▸ Task description: Copy the listing verbatim, excluding any images found in it.
** Information provided follows **
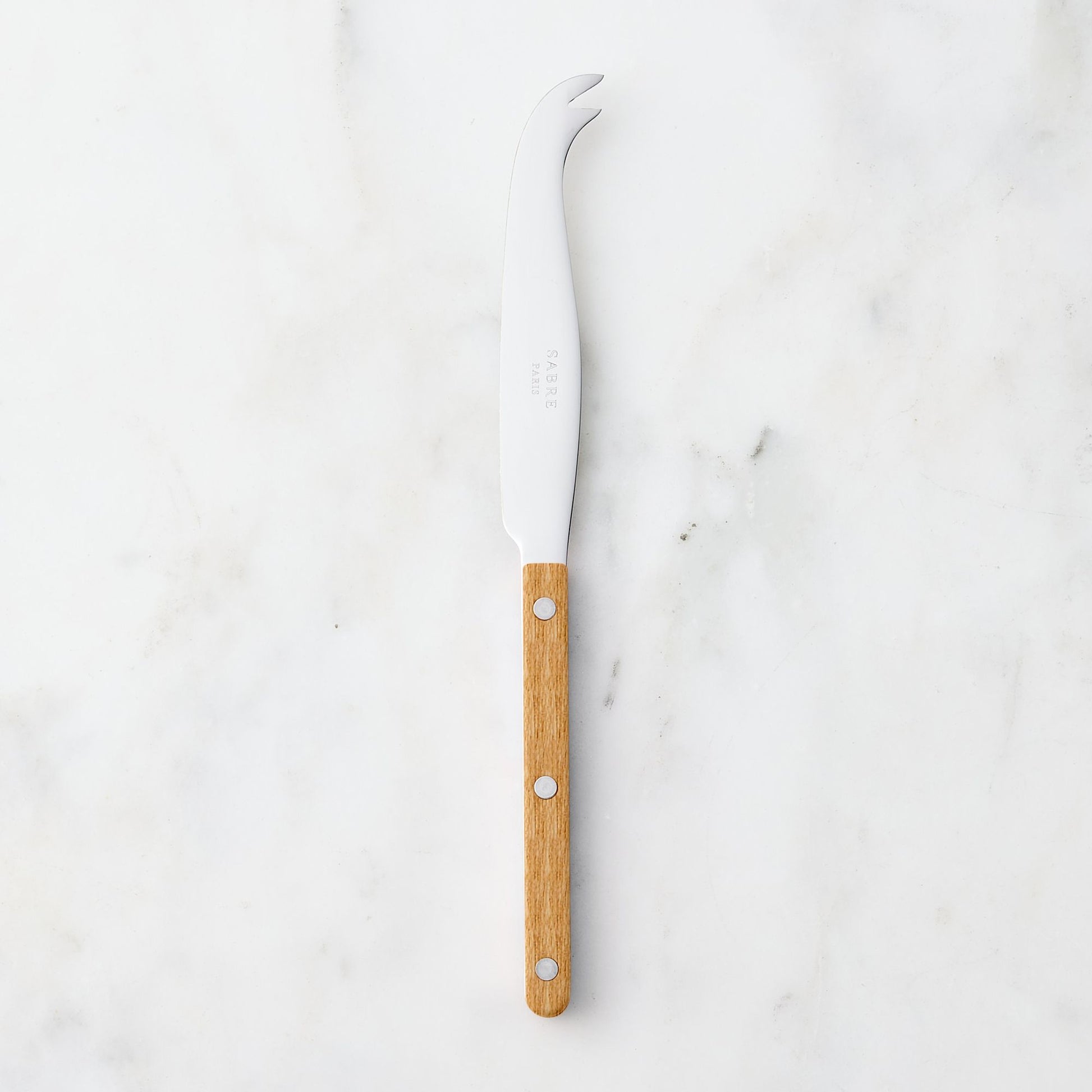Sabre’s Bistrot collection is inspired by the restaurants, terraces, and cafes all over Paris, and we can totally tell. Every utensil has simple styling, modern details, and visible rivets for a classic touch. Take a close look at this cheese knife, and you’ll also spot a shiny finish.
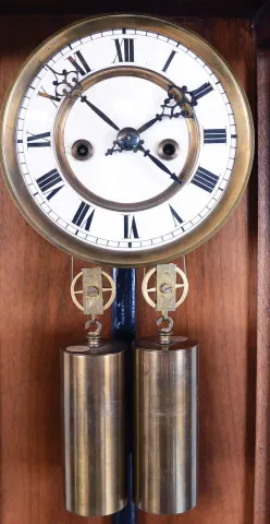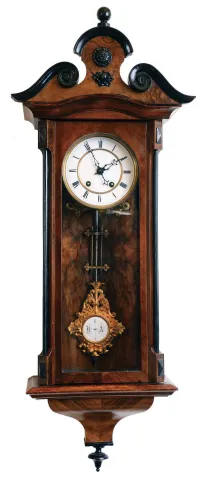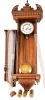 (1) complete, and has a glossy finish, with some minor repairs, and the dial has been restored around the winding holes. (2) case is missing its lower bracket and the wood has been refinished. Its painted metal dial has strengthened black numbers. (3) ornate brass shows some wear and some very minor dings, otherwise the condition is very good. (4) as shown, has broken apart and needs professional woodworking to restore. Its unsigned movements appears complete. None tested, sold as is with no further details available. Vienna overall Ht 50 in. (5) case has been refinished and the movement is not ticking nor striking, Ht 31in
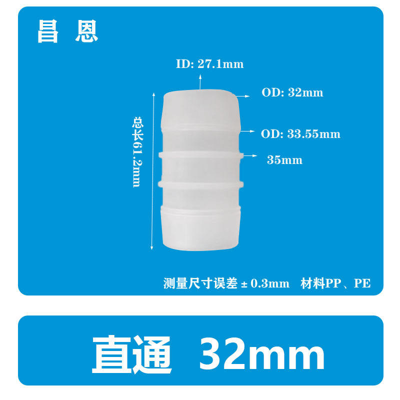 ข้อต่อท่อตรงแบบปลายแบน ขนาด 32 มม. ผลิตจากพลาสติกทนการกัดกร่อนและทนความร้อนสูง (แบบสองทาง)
** End of Information provided **
▸ Your response:
Sabre’s Bistrot collection is inspired by the restaurants, terraces, and cafes all over Paris, and we can totally tell. Every utensil has simple styling, modern details, and visible rivets for a classic touch. Take a close look at this cheese knife, and you’ll also spot a shiny finish.
 (1) complete, and has a glossy finish, with some minor repairs, and the dial has been restored around the winding holes. (2) case is missing its lower bracket and the wood has been refinished. Its painted metal dial has strengthened black numbers. (3) ornate brass shows some wear and some very minor dings, otherwise the condition is very good. (4) as shown, has broken apart and needs professional woodworking to restore. Its unsigned movements appears complete. None tested, sold as is with no further details available. Vienna overall Ht 50 in. (5) case has been refinished and the movement is not ticking nor striking, Ht 31in
 ข้อต่อท่อตรงแบบปลายแบน ขนาด 32 มม. ผลิตจากพลาสติกทนการกัดกร่อนและทนความร้อนสูง (แบบสองทาง)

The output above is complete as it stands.